Trading giant Trafigura has been taking advantage of weak freight rates to fix aframax tankers on short period charters at highly favourable terms, market sources said.

Shipbrokers and owners said the deals allow Trafigura to take advantage of current cheap rates while retaining options to extend them should the winter market become more volatile.

The trader is reported to have secured AET’s 107,100-dwt Eagle Torrance (built 2007) on a 30-day charter with three 30-day extension options.

The initial rate is between $11,000 and $12,000 per day, and it will pay $2,000 per day extra for each extension.

Brokers reported that Latsco Shipping’s 105,700-dwt Fos Hamilton (built 2013) was fixed for similar rates, but the shipowner said the information was incorrect.

Zodiac Maritime’s 114,400-dwt Cobalt Sun (built 2009) was understood to have been fixed for 30 to 100 days in a similarly structured deal at higher rates.

Separately, Trafigura was said to have chartered the 109,600-dwt Maersk Petrel (built 2007) from Maersk Tankers for 30 to 90 days at $13,000 per day.

Trafigura and AET both declined to talk about the deals. Maersk Tankers did not respond to a request for comment.

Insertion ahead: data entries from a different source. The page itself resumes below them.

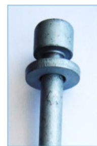
Bolt with flange in its head
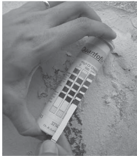
Figure 10: Strip tests – semi-quantitative determination of salts.
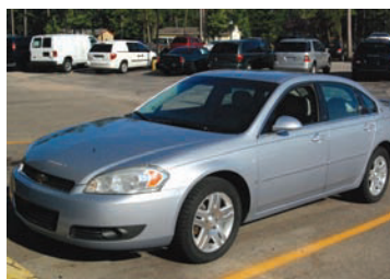
2006 Chevy Impala V-6 3.9L, air, cruise, power, keyless entry, 25 MPG. $995 down

The sources said some of the vessels are believed to be used for storage or ship-to-ship transfers in northern Europe as the charterer seeks operational flexibility in anticipation of oil oversupply.

With a second wave of Covid-19 hitting European economies, consultancy Rystad Energy has anticipated the lockdowns in France and Germany could wipe out up to 1.7m barrels per day of oil demand in November.

‘Cheap deals’

Shipbrokers and owners suggested the charterer is looking at similar deals.

“They are looking for more,” one of them said. “Those are really cheap.”

Another said: “Trafigura has been the most aggressive in taking time charter options ... These deals are phenomenal for a charterer.”

Trafigura’s terms are deemed attractive for some shipowners as spot aframax earnings have often been below operating expenses in recent weeks.

Howe Robinson Partners estimated average aframax earnings in the spot trade to be at $2,013 per day on Monday, compared with $4,033 per day at the beginning of the fourth quarter.

Despite a seasonal pick-up in demand, few expect a significant improvement in freight markets this winter as a result of Opec+ supply cuts and weak oil demand during the pandemic.

“The size of the tonnage overhang suggests that ... we do [not] expect much support to be given to tanker rates over the coming months,” Alphatanker said in a recent note.

Analysts expect the market to only see a sustainable recovery when tanker owners start to scrap old vessels or begin slow steaming — but none of those have occurred on a large scale.

“Sooner or later, things will have to change,” said Giuseppe Rosano, a shipping director at brokerage Alibra. “Nobody knows where the market is going to be.”